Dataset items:
┄┄┄┄┄┄

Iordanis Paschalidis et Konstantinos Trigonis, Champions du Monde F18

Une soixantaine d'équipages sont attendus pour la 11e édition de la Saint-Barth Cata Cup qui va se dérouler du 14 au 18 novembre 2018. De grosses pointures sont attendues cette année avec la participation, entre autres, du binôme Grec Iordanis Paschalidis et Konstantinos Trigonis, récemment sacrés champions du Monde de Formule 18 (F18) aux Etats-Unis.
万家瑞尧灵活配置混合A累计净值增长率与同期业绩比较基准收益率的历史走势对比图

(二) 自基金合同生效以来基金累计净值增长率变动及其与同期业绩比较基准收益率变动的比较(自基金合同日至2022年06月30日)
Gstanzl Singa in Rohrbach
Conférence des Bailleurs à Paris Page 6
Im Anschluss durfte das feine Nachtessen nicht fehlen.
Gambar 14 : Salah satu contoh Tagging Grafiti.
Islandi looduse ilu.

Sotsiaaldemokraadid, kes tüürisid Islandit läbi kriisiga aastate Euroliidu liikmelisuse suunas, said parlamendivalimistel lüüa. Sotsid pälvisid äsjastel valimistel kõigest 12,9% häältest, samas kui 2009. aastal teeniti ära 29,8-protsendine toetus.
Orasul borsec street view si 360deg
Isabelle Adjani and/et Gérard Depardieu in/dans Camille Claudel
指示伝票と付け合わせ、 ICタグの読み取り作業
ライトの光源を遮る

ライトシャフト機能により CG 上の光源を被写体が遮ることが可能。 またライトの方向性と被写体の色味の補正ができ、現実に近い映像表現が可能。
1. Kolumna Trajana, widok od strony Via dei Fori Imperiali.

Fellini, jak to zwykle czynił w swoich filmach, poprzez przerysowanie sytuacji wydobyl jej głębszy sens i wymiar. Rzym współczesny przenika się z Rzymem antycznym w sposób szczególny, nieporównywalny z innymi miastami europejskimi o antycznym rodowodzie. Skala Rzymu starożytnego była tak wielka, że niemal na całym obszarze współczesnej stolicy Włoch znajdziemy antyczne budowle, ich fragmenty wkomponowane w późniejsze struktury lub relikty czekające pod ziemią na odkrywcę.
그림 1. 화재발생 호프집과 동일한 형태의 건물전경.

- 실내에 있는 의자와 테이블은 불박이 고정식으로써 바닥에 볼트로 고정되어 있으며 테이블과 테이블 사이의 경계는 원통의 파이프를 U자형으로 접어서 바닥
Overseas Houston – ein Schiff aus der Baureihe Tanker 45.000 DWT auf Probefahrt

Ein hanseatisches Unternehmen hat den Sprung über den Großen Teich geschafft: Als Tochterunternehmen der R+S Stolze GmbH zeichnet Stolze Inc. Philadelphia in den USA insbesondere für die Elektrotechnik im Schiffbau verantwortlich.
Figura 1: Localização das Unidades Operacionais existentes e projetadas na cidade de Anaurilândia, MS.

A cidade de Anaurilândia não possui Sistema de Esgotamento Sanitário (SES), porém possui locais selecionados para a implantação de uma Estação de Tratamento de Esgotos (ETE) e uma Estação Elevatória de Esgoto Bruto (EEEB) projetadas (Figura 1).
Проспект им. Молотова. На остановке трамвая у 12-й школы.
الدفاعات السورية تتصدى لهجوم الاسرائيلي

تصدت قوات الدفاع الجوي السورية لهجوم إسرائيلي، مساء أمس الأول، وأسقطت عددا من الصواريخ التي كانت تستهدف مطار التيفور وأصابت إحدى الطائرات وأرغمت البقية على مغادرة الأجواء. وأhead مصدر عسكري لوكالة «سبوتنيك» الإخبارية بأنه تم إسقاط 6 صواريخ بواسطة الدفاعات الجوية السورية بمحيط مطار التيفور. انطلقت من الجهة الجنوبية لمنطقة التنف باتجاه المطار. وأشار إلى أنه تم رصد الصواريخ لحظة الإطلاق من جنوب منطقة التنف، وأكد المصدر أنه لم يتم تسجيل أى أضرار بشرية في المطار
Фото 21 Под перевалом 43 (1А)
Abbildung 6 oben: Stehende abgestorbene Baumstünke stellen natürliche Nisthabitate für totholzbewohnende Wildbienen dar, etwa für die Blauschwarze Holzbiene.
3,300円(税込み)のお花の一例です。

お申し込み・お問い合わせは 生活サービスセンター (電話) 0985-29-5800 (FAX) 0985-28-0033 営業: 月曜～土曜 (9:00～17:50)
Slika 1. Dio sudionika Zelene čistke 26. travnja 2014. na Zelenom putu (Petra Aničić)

┄┄┄┄┄┄

**The problem:**
Exactly the lines running from the top of the records to the line that contains "1. Kolumna Trajana, widok", inclusive, must be set down, and nothing more.

**Output of the task:**
Iordanis Paschalidis et Konstantinos Trigonis, Champions du Monde F18

Une soixantaine d'équipages sont attendus pour la 11e édition de la Saint-Barth Cata Cup qui va se dérouler du 14 au 18 novembre 2018. De grosses pointures sont attendues cette année avec la participation, entre autres, du binôme Grec Iordanis Paschalidis et Konstantinos Trigonis, récemment sacrés champions du Monde de Formule 18 (F18) aux Etats-Unis.
万家瑞尧灵活配置混合A累计净值增长率与同期业绩比较基准收益率的历史走势对比图

(二) 自基金合同生效以来基金累计净值增长率变动及其与同期业绩比较基准收益率变动的比较(自基金合同日至2022年06月30日)
Gstanzl Singa in Rohrbach
Conférence des Bailleurs à Paris Page 6
Im Anschluss durfte das feine Nachtessen nicht fehlen.
Gambar 14 : Salah satu contoh Tagging Grafiti.
Islandi looduse ilu.

Sotsiaaldemokraadid, kes tüürisid Islandit läbi kriisiga aastate Euroliidu liikmelisuse suunas, said parlamendivalimistel lüüa. Sotsid pälvisid äsjastel valimistel kõigest 12,9% häältest, samas kui 2009. aastal teeniti ära 29,8-protsendine toetus.
Orasul borsec street view si 360deg
Isabelle Adjani and/et Gérard Depardieu in/dans Camille Claudel
指示伝票と付け合わせ、 ICタグの読み取り作業
ライトの光源を遮る

ライトシャフト機能により CG 上の光源を被写体が遮ることが可能。 またライトの方向性と被写体の色味の補正ができ、現実に近い映像表現が可能。
1. Kolumna Trajana, widok od strony Via dei Fori Imperiali.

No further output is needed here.